(The problem): Copy out exactly the lines beginning with the one that contains "Satellites are visible" and ending at the last line of the listing, skipping any pictures.

(Recorded data):
┄┄┄┄┄┄┄┄┄┄
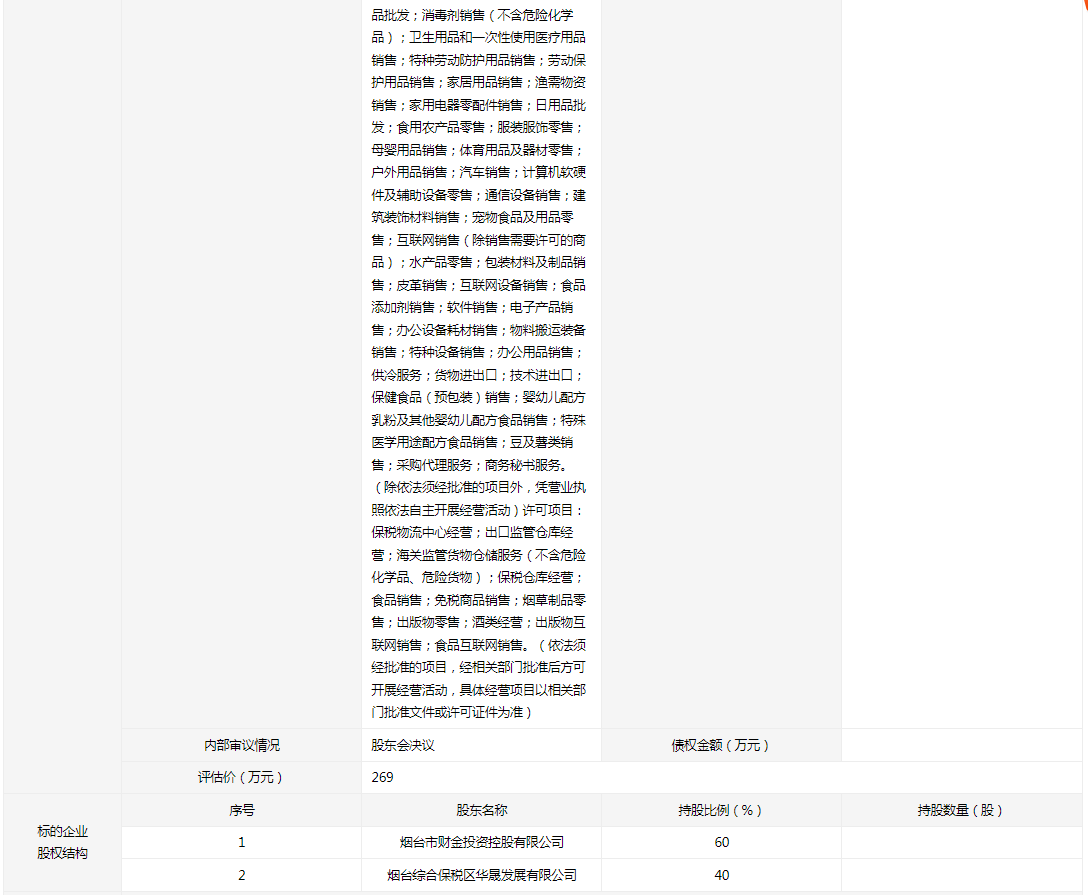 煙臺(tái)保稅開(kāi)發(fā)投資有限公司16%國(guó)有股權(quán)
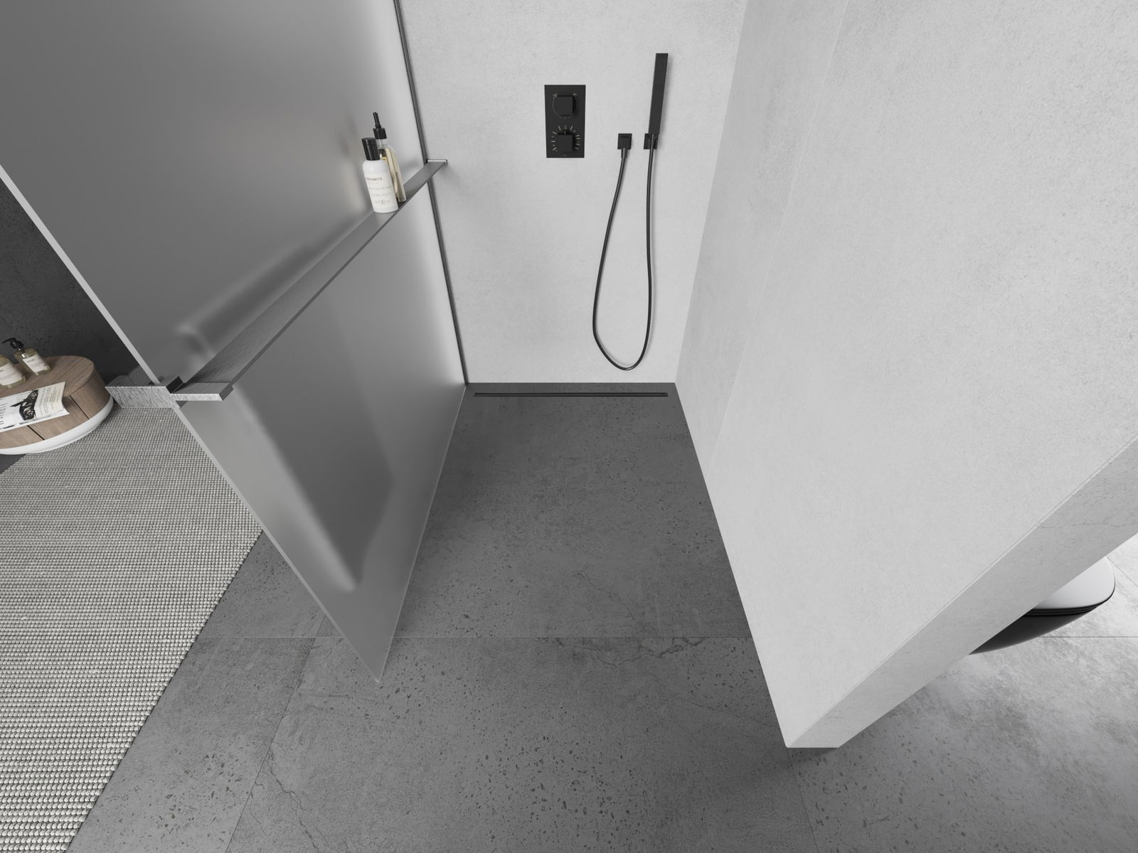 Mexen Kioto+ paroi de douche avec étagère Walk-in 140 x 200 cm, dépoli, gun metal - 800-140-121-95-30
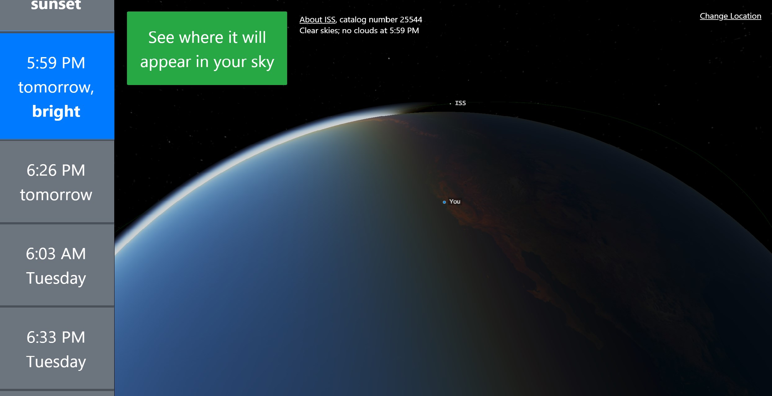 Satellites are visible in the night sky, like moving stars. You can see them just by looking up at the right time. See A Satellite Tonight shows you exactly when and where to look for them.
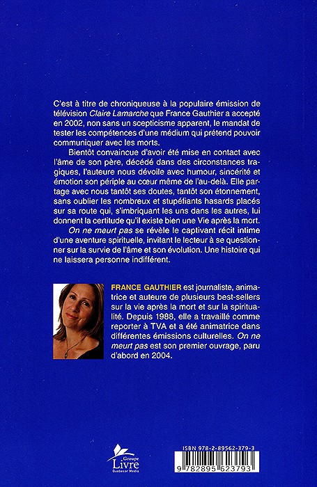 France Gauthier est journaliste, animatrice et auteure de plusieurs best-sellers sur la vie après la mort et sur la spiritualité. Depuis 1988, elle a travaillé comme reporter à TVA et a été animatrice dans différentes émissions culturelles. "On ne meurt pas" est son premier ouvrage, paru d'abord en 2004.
┄┄┄┄┄┄┄┄┄┄
(Answer to this exercise):
 Satellites are visible in the night sky, like moving stars. You can see them just by looking up at the right time. See A Satellite Tonight shows you exactly when and where to look for them.
 France Gauthier est journaliste, animatrice et auteure de plusieurs best-sellers sur la vie après la mort et sur la spiritualité. Depuis 1988, elle a travaillé comme reporter à TVA et a été animatrice dans différentes émissions culturelles. "On ne meurt pas" est son premier ouvrage, paru d'abord en 2004.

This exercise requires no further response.